RECORDS TO PROCESS:
+++

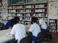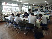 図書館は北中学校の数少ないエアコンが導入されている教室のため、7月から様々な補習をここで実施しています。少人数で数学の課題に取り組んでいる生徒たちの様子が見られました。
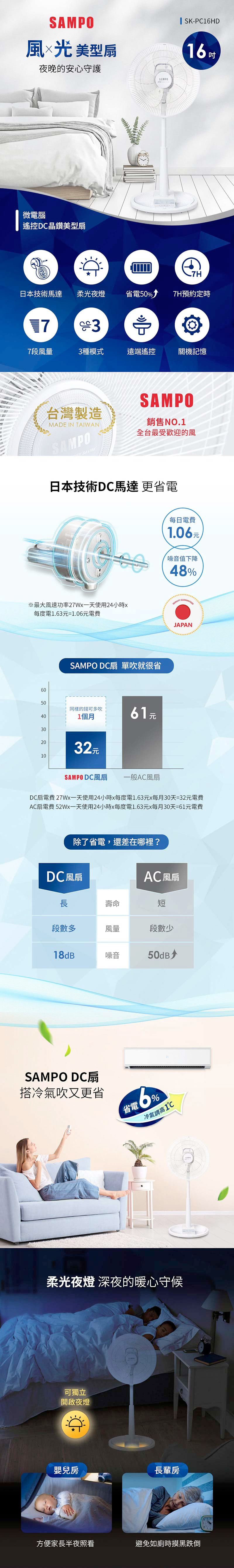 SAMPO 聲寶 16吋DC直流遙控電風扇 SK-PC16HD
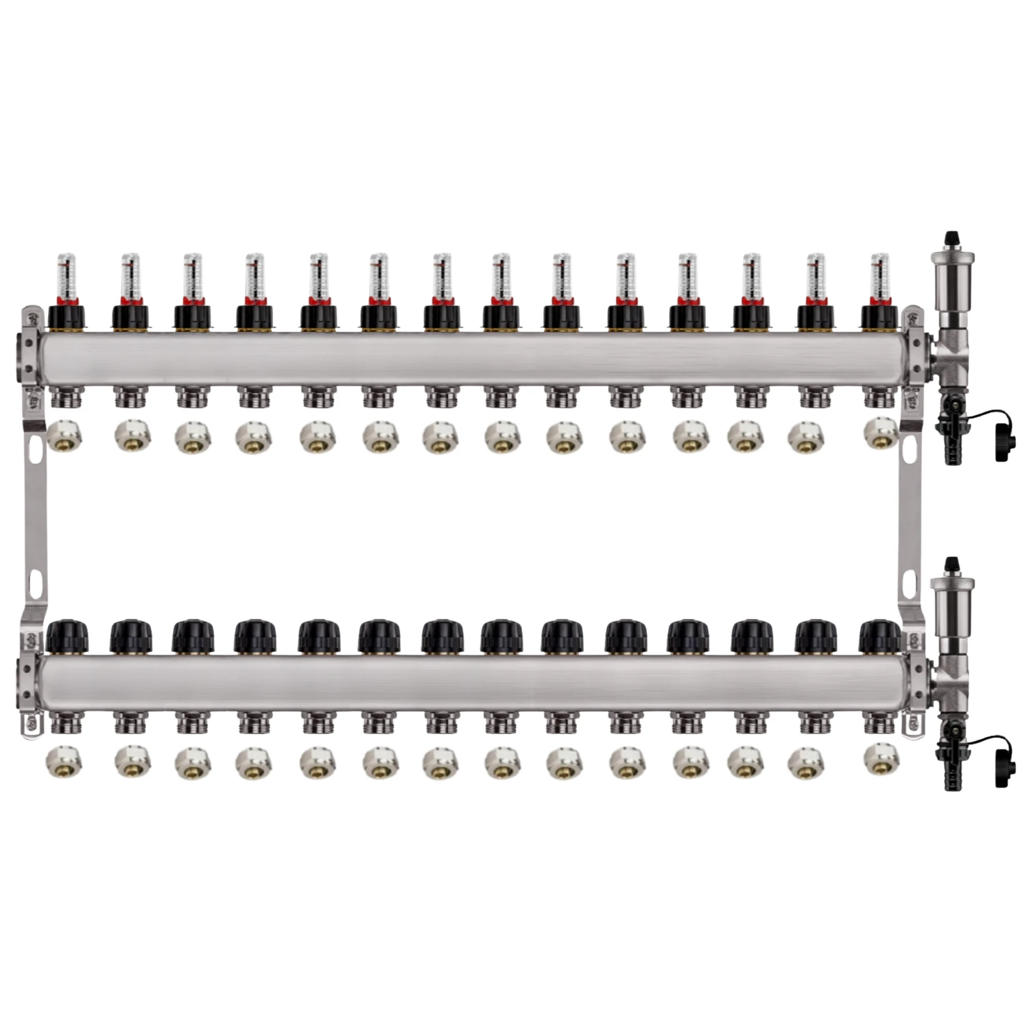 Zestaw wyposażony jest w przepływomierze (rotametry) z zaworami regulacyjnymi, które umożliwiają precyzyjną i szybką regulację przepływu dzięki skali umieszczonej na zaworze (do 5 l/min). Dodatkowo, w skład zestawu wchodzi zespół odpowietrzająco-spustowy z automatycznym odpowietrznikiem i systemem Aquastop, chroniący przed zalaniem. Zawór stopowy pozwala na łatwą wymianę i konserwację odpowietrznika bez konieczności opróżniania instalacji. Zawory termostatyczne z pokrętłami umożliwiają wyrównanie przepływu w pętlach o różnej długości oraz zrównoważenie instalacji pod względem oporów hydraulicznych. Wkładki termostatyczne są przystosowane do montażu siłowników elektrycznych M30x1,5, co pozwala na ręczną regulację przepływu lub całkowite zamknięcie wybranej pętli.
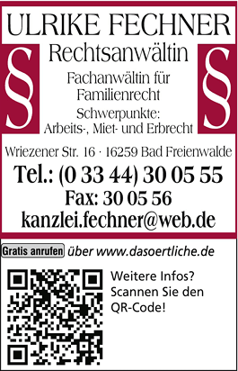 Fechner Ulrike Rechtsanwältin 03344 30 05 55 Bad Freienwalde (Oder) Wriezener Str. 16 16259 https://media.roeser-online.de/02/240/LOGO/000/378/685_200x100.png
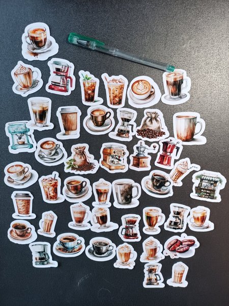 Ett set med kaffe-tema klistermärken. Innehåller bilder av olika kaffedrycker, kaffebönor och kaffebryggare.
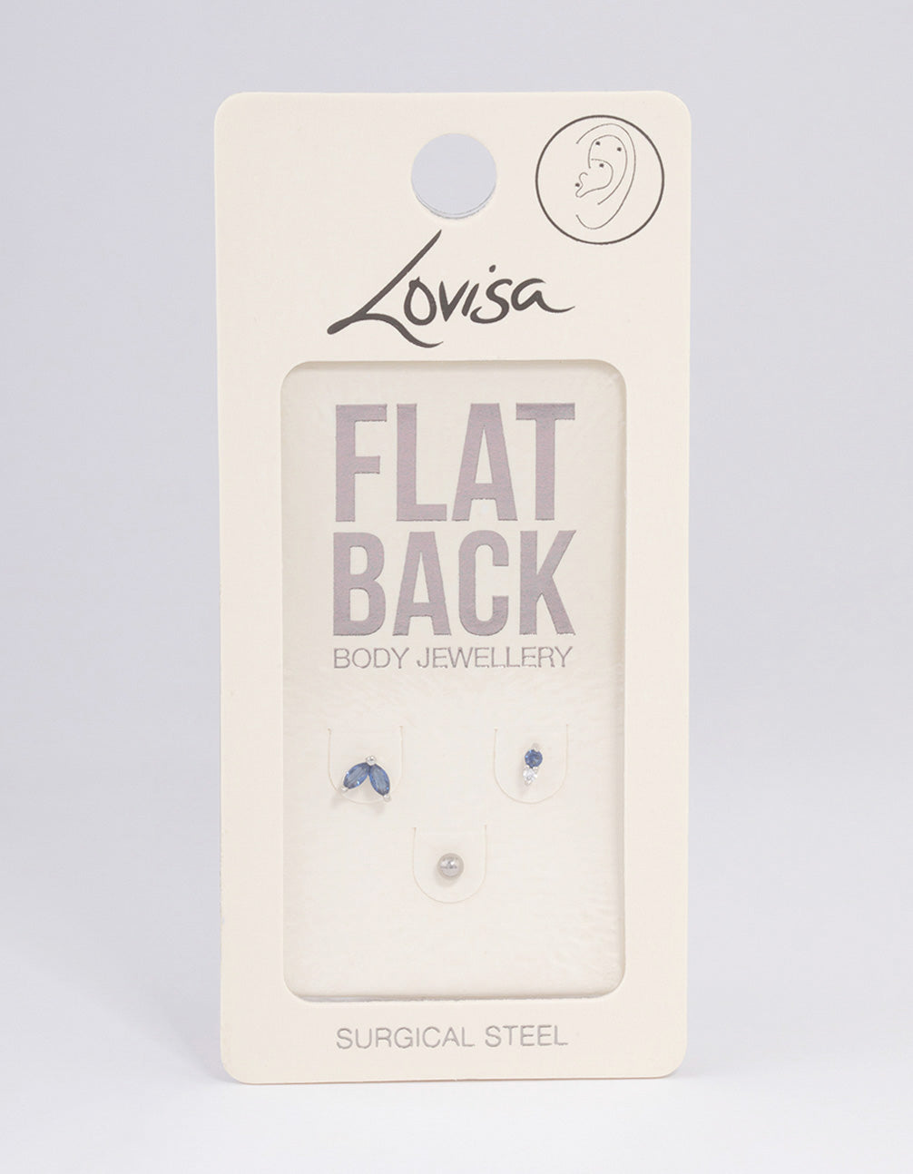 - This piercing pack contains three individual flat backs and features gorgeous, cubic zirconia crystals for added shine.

+++

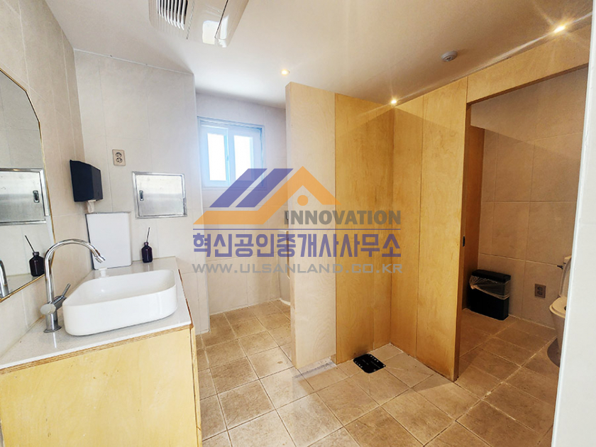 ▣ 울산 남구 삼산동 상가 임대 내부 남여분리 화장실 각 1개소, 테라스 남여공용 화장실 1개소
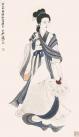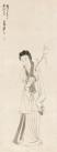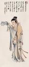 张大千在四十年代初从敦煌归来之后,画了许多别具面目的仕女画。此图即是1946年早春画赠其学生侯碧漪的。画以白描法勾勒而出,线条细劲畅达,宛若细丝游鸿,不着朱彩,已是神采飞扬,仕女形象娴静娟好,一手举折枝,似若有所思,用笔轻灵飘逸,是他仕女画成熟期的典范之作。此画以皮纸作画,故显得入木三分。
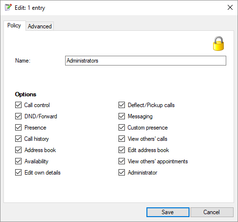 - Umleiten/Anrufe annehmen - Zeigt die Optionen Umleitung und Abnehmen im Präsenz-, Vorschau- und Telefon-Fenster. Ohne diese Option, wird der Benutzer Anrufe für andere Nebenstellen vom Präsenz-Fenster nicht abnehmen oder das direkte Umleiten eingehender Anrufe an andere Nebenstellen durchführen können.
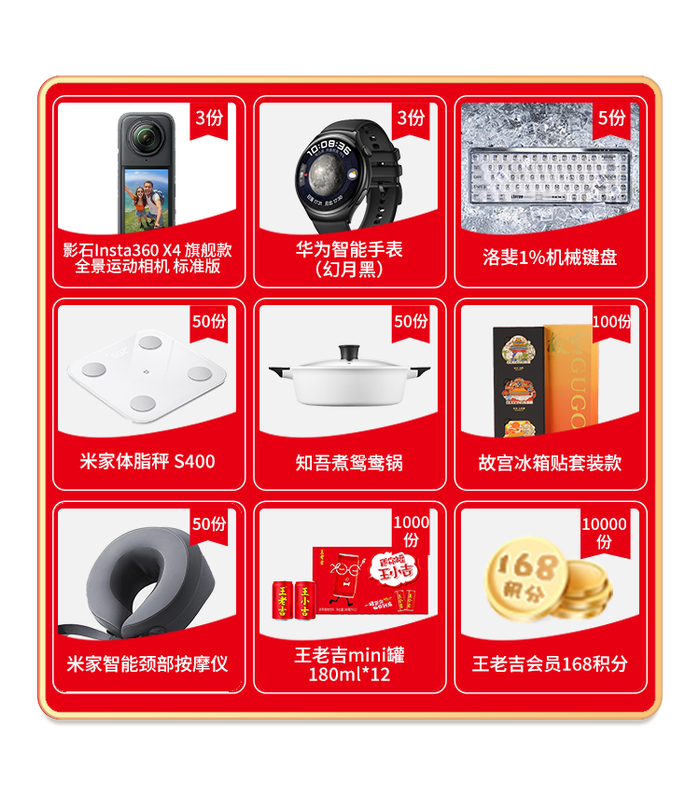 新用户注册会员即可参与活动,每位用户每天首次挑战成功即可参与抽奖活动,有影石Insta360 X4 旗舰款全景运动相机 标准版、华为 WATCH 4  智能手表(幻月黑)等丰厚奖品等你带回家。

+++

EXERCISE AIM:
Output only the lines above from the one containing "SAMPO 聲寶 16吋DC直流遙控電風扇 SK-PC16HD" to the one containing "- This piercing", both included, exactly as written and with no pictures.

TASK SOLUTION:
 SAMPO 聲寶 16吋DC直流遙控電風扇 SK-PC16HD
 Zestaw wyposażony jest w przepływomierze (rotametry) z zaworami regulacyjnymi, które umożliwiają precyzyjną i szybką regulację przepływu dzięki skali umieszczonej na zaworze (do 5 l/min). Dodatkowo, w skład zestawu wchodzi zespół odpowietrzająco-spustowy z automatycznym odpowietrznikiem i systemem Aquastop, chroniący przed zalaniem. Zawór stopowy pozwala na łatwą wymianę i konserwację odpowietrznika bez konieczności opróżniania instalacji. Zawory termostatyczne z pokrętłami umożliwiają wyrównanie przepływu w pętlach o różnej długości oraz zrównoważenie instalacji pod względem oporów hydraulicznych. Wkładki termostatyczne są przystosowane do montażu siłowników elektrycznych M30x1,5, co pozwala na ręczną regulację przepływu lub całkowite zamknięcie wybranej pętli.
 Fechner Ulrike Rechtsanwältin 03344 30 05 55 Bad Freienwalde (Oder) Wriezener Str. 16 16259 https://media.roeser-online.de/02/240/LOGO/000/378/685_200x100.png
 Ett set med kaffe-tema klistermärken. Innehåller bilder av olika kaffedrycker, kaffebönor och kaffebryggare.
 - This piercing pack contains three individual flat backs and features gorgeous, cubic zirconia crystals for added shine.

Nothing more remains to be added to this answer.